Scheinker’s team has analyzed 2 million hours of glucose data for about 200 patients. Once they can identify which signals merit an alert to a health professional, the hospital can design a new workflow to take advantage of that information as it comes in from patients.
Scheinker envisions a tool that would notify caregivers of, say, the 10 patients most in need of a call on any given week.
“If you have an algorithm trained to recognize: ‘Hey, your patient Jane, who’s done really well before, it looks like her breakfast and dinnertime glucose is really elevated,’ then maybe it’s as easy as the care team making a quick call to chat with the patient,” Scheinker said.
The value of math
Operational change is certainly possible without the help of machine learning and computer simulations, but the math allows better, faster access to information that can enable change. Case in point: Before Scheinker came to Stanford, Andrew Shin, MD, clinical associate professor of pediatric cardiology and now medical director for SURF, used a manual, data-driven approach to determine reasonable goals for such things as the number of days a patient will spend in the intensive care unit and the hospital.
The goals were developed for congenital heart disease surgeries at Packard Children’s and are now taped to patients’ beds. In addition to ensuring transparent communication with families, the project reduced the average length of patient hospital stays — a remarkable success achieved without advanced mathematical modeling.
But because of the labor involved, the approach has been slow to roll out to other surgical procedures. To speed up that process, SURF has developed an automated tool that, in a proof of its worth, successfully and instantaneously reproduced virtually the same goals for six procedures, each of which took Shin’s team four months to identify. Using this tool, the hospital can now more quickly develop goals for other surgical procedures.

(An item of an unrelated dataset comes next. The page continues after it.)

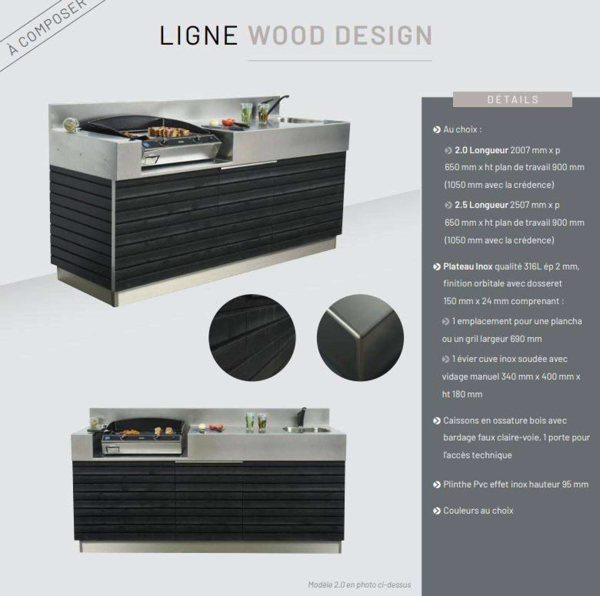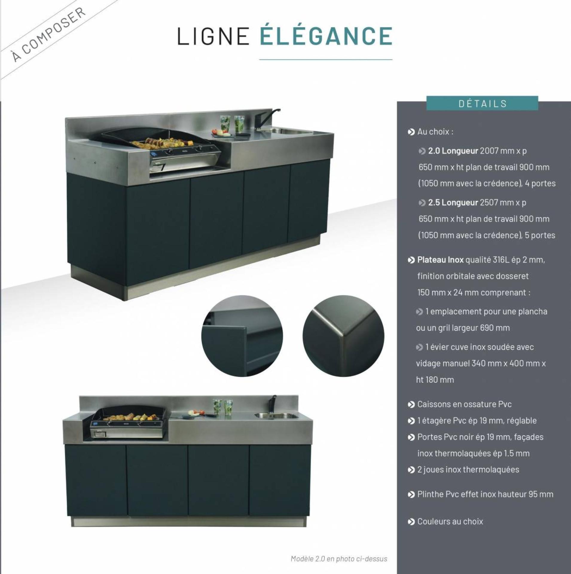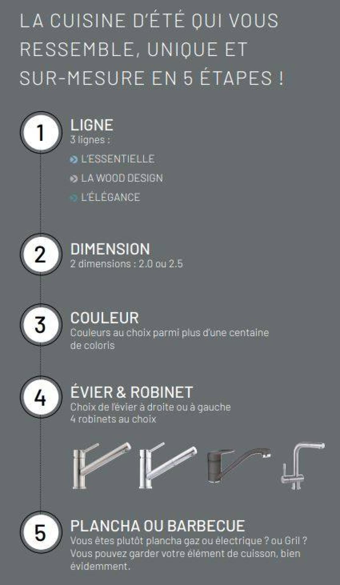 terrasse, sous une protection solaire comme une pergola bioclimatique ou à toile rétractable, ou encore sous un store.Une cuisine d'été qui vous ressemble, unique et sur mesure en 5 étapes :1- La ligne : ESSENTIELLE, WOOD DESIGN ou ELEGANCE2- Dimensions : longueurs au choix 2 m ou 2.50 m3- Couleur : au choix parmi plus d'une centaine de coloris4- Evier & robinet : choix de l'évier à gauche ou à droite & 4 modèles de robinets au choix5- plancha ou barbecue ?Nos modèles,

Despite SURF’s many successes, Scheinker is under no illusion that change will be easy.
“Health care is notorious for how long it takes to adopt new things, especially if they require people to change their workflows,” he said. Yet current electronic health records make possible the redesigns and improvements that other industries have shown can lead to transparency, efficiency, fewer errors, fewer delays and overall higher quality, Scheinker said.
“That’s the reason a mathematician was hired to do this.”